On ne peut que saluer les réactions, au fil du temps, d’Anne Sinclair,
de Béatrice Schoenberg et de Marie Drucker. Elles ont su tirer les
conclusions de situations personnelles qui rendaient difficile la
poursuite d’une activité d’information insoupçonnable. TF1 s’honorerait
en se souciant davantage qu’elle ne le fait des risques qui guettent
Claire Chazal lorsque la vie mondaine et médiatique la plonge dans un
bain dont le moins qu’on puisse dire est qu’il ne favorise pas la
présentation équitable et objective du journal télévisé le plus regardé
d’Europe.
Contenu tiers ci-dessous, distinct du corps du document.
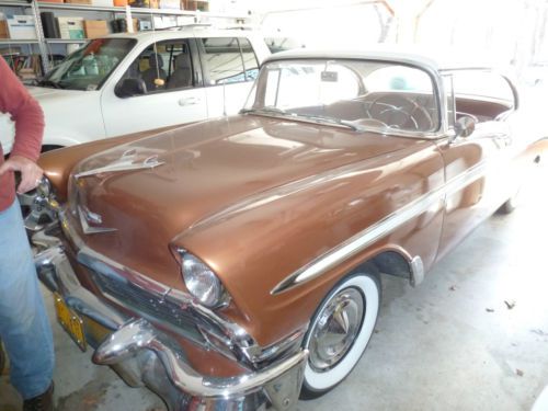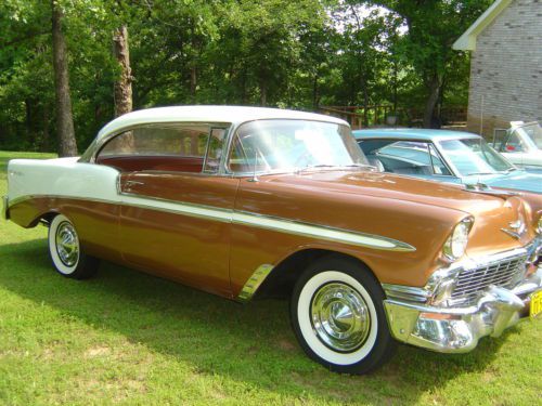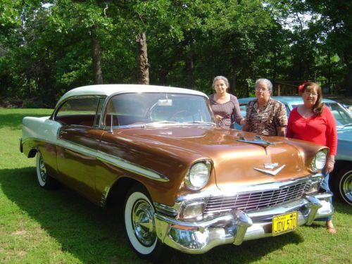 Fly in and drive it home.... like I did in 2009! I purchased this car in Riverside California, I flew in and drove it back on Route "66" after a quick stop in Tucson, AZ to visit family. While in Tucson Luna Industries rebuild and improved my generator by upping the amperage...due to a mounting bracket braking and shorting out. Lunaindustries.com has photos of my car taken by the owner and the story that goes with it.... check that out. As I mentioned, this is a LA factory, born and raised '56 Hardtop (see front license plate)... the car is extremely solid and restored by the previous owner. It has won local cruize night awards and car show awards since being here in Tulsa,OK. Growing up as a kid in the 60's I drove these old cars... and nothing I had back then drives like this car. It has Coker Radial tires... great ride. Improved shocks, and drives straight as an arrow with no vibration, hesitation, at any speed. It is the original numbers matching 265 V8 and 2 speed Powerglide... I have always kept it garaged and never driven it in the rain. The paint is a 8/9 out of 10... showing very few flaws... tires are perfect, brakes are perfect, motor and transmission are perfect. No drips, oil stains, or anything needing attention... The paint on the center of the steering wheel is showing a few small checks, and a few tiny, tiny chips on the nose, and by the tail light (fuel door)... This is not a 1000 point frame off restoration... but the price is more than fair, for the quality of this car... Note: The Mileage is not 12345... obviously. It now shows 8,000+.... but have no idea if it was rolled back at time or frame on restoration.... I am posting a lot of pictures and will post more if needed... Underneath the car is as clean as on top, and the trunk is flawless... Send someone to check it out... or pick up the phone and call me... "Jack" 918 346 3593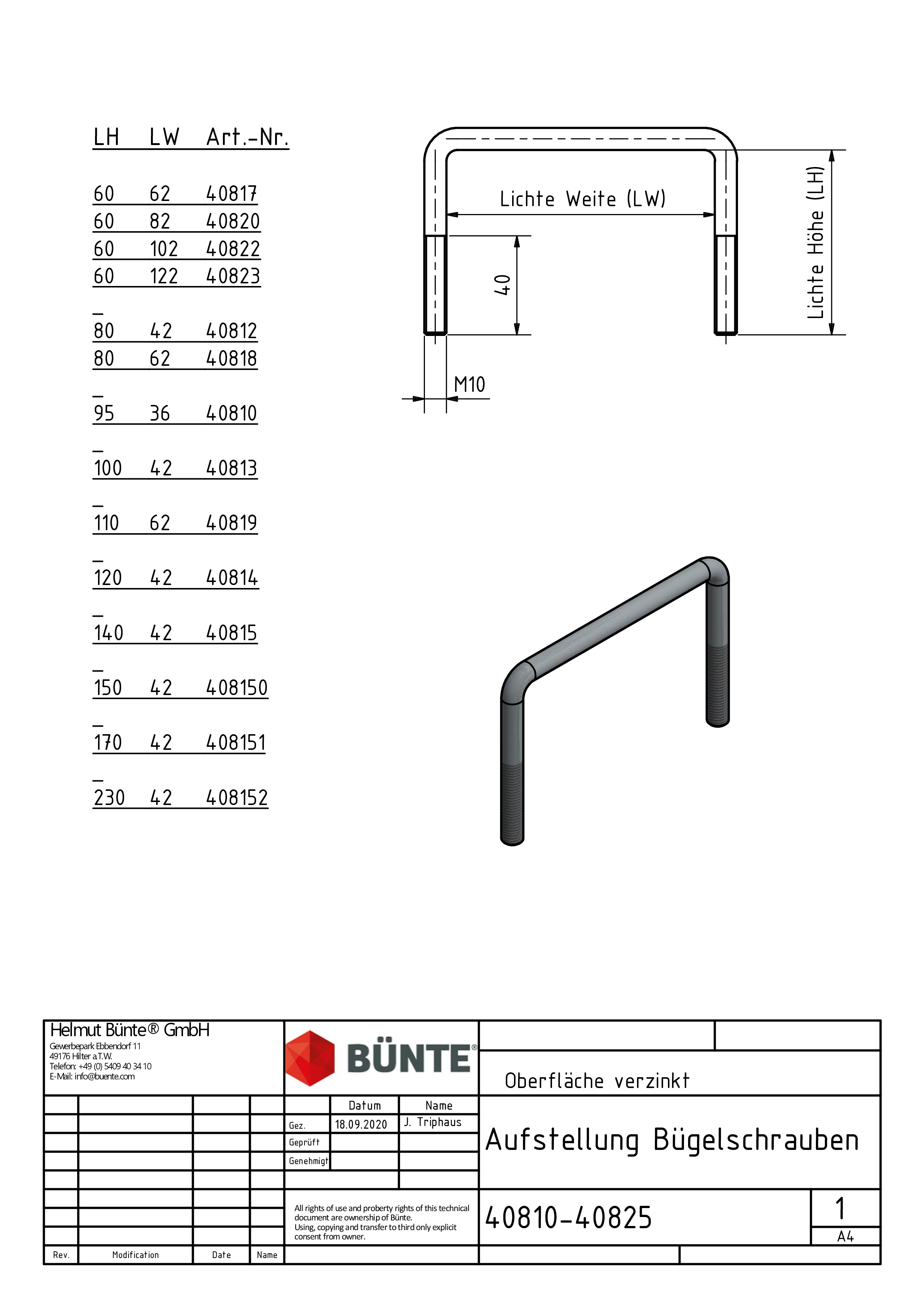 Bügelschraube, M10, LH 150 mm, LB 42 mm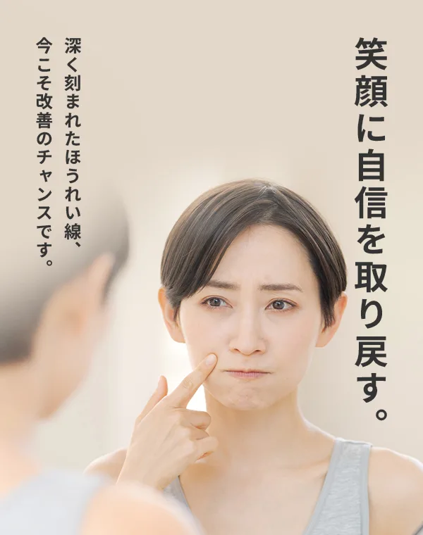 深く刻まれたほうれい線は、このまま放置すれば、さらに固定されてしまいます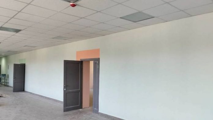 Стены покрашены, заменены двери, отремонтированы актовый и спортивный залы. На завершающем этапе — облицовка фасада и укладка плитки на первом этаже, завершается благоустройство вокруг здания.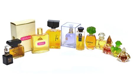 REVILLON, ROBERT PIGUET, JACQUES FATH, GUERLAIN, LANVIN, GUY LAROCHE, GRES Lotto di undici bottiglie di profumo e acqua di colonia piene e non di diverse forme e dimensioni di cui alcune in confezione originale

Entre l’ascétisme et la frénésie, un juste milieu est
possible qui pourrait être suggéré.
Enfin, le poncif selon lequel la
véritable objectivité est impossible a fait trop de mal. On en a déduit
trop facilement que tout serait alors permis et que le journaliste
aurait le droit de s’abandonner à une subjectivité parfois lucide,
quelquefois erratique. Il faut tendre vers cette objectivité qui
n’exclut pas l’appréhension par une intelligence libre des problèmes
publics mais garantit qu’ils seront abordés avec la distance que
devrait induire un professionnalisme digne de ce nom. Au fond, on en
revient toujours, au-delà des principes généraux, à la nécessité de la
qualité humaine et personnelle, à l’importance du savoir et de la
culture, à la maîtrise du langage et de la pensée, au souci de l’équité
et de l’apparence. Au choix des hommes et des femmes qui porteront haut
l’honneur d’informer leurs concitoyens. Un exemple remarquable, sur ce
plan, nous est donné par Patrick Poivre d’Arvor qui n’a jamais caché
ses engagements politiques anciens mais qui, dans son parcours
professionnel incomparable, se garde de la moindre entorse à l’exigence
de sérénité et d’impartialité. Les récentes émissions sur TF1 l’ont
démontré. Si le panel des citoyens était souvent sujet à caution,
quelques candidats ont été bons et PPDA parfait.
Non, Philippe
Meyer, il ne faut pas jeter le bébé avec l’eau du bain et Alain
Duhamel, qui regrette d’avoir eu un mot de trop, ne doit pas faire
jurisprudence.
Encore un effort, mesdames et messieurs, et vous serez de vrais journalistes. La démocratie a besoin de vous.